[PROBLEM]: With the images removed, repeat the data below exactly.

[INFORMATION SHOWN]:

____________

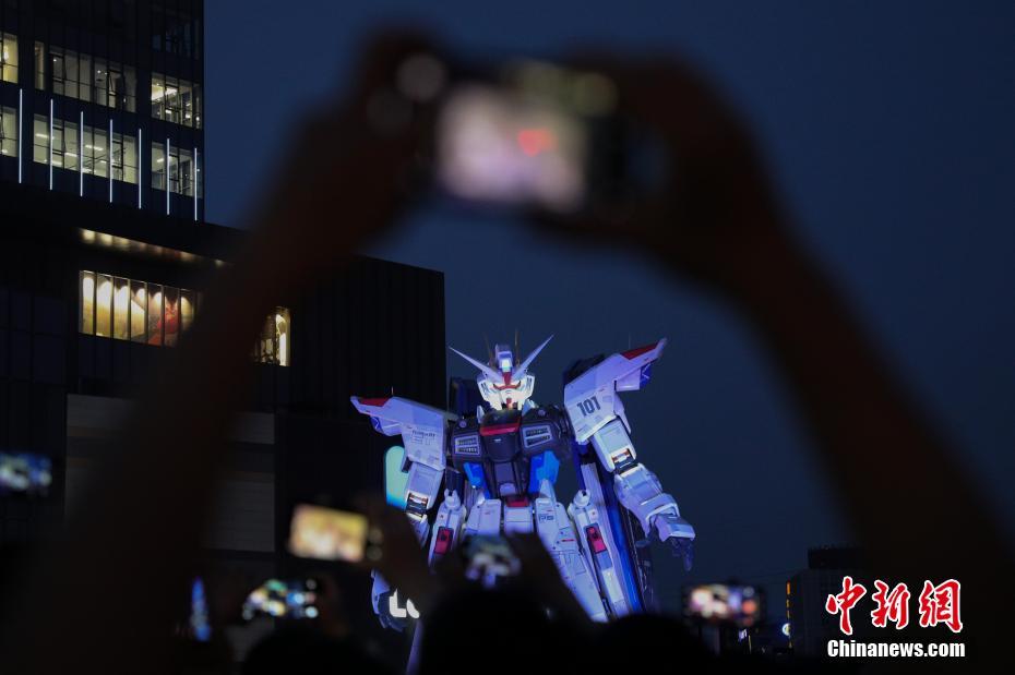 ​5月28日晚,落户上海浦东的日本海外首座高达立像上演了首场灯光机械秀,吸引广大粉丝到场观看。 中新社记者 张亨伟 摄
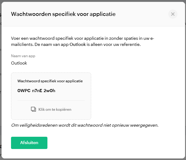 Je krijgt nu een app-wachtwoord. Bewaar deze goed aangezien deze alleen nu zichtbaar is. Ben je deze kwijt, dan kun je deze niet herstellen en moet je een nieuwe wachtwoord maken. Klik op afsluiten.
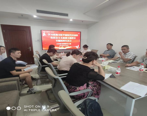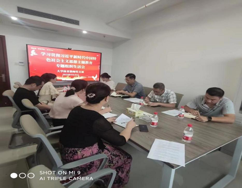 大学体育教师党支部学习贯彻习近平新时代中国特色社会主义思想主题教育专题组织生活会,与支部党员同志一起学习检视、谈心交流。

____________

[OUTPUT BELOW]:
 ​5月28日晚,落户上海浦东的日本海外首座高达立像上演了首场灯光机械秀,吸引广大粉丝到场观看。 中新社记者 张亨伟 摄
 Je krijgt nu een app-wachtwoord. Bewaar deze goed aangezien deze alleen nu zichtbaar is. Ben je deze kwijt, dan kun je deze niet herstellen en moet je een nieuwe wachtwoord maken. Klik op afsluiten.
 大学体育教师党支部学习贯彻习近平新时代中国特色社会主义思想主题教育专题组织生活会,与支部党员同志一起学习检视、谈心交流。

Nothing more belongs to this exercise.